:: DATA FOR THIS TASK ::
[Start of Attachment]

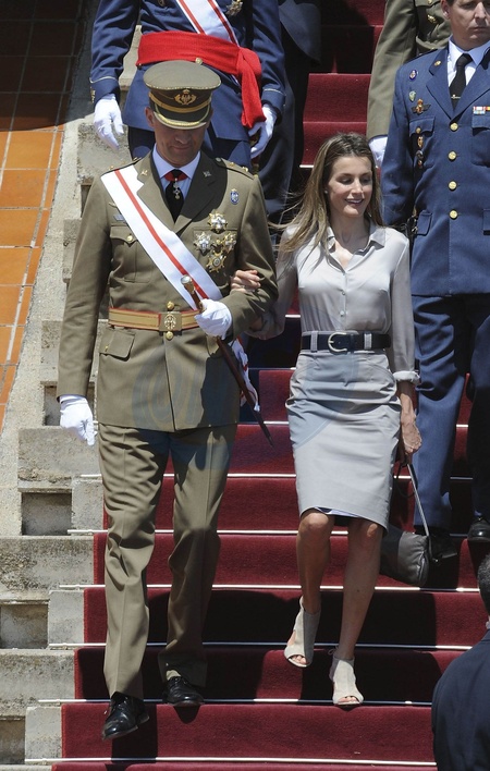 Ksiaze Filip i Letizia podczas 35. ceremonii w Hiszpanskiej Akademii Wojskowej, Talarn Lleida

[End of Attachment]
[Start of Attachment]

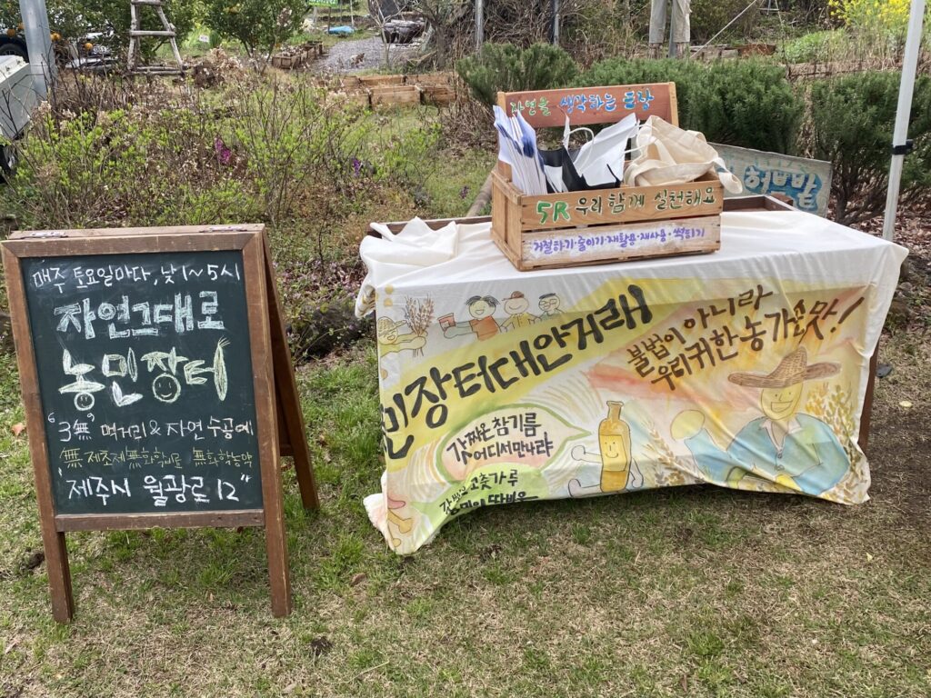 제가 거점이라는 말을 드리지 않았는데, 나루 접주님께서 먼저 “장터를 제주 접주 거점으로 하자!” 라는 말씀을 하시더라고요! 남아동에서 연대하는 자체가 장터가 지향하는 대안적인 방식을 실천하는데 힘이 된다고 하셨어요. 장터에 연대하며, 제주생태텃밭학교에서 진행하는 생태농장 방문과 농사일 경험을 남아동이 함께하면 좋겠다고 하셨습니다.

[End of Attachment]
[Start of Attachment]

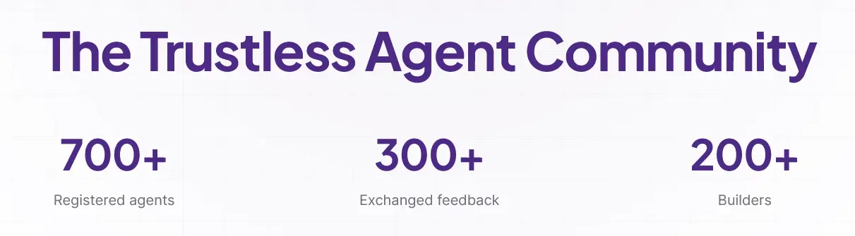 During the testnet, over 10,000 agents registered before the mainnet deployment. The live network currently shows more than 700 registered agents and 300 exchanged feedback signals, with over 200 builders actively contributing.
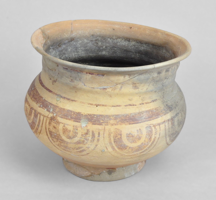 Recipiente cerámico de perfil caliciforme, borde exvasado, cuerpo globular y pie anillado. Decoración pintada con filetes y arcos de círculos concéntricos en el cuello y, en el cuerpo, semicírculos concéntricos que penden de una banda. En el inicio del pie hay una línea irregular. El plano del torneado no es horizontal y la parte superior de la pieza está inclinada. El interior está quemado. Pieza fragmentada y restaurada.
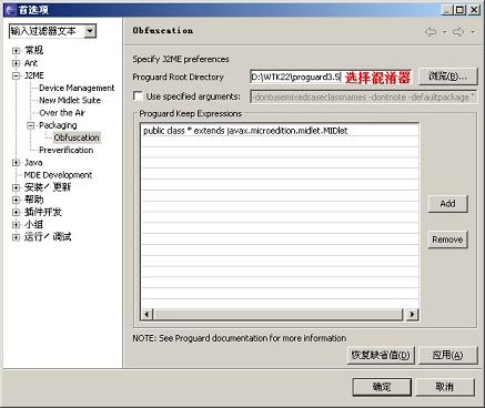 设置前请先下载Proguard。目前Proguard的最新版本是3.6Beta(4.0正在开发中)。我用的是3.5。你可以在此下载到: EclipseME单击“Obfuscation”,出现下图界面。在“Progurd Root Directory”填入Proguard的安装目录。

[End of Attachment]

Give again, exactly as written above, each line from the one that has "During the testnet, over" to the one that has "Recipiente cerámico de", both included; omit the pictures.

:: YOUR RESPONSE ::
 During the testnet, over 10,000 agents registered before the mainnet deployment. The live network currently shows more than 700 registered agents and 300 exchanged feedback signals, with over 200 builders actively contributing.
 Recipiente cerámico de perfil caliciforme, borde exvasado, cuerpo globular y pie anillado. Decoración pintada con filetes y arcos de círculos concéntricos en el cuello y, en el cuerpo, semicírculos concéntricos que penden de una banda. En el inicio del pie hay una línea irregular. El plano del torneado no es horizontal y la parte superior de la pieza está inclinada. El interior está quemado. Pieza fragmentada y restaurada.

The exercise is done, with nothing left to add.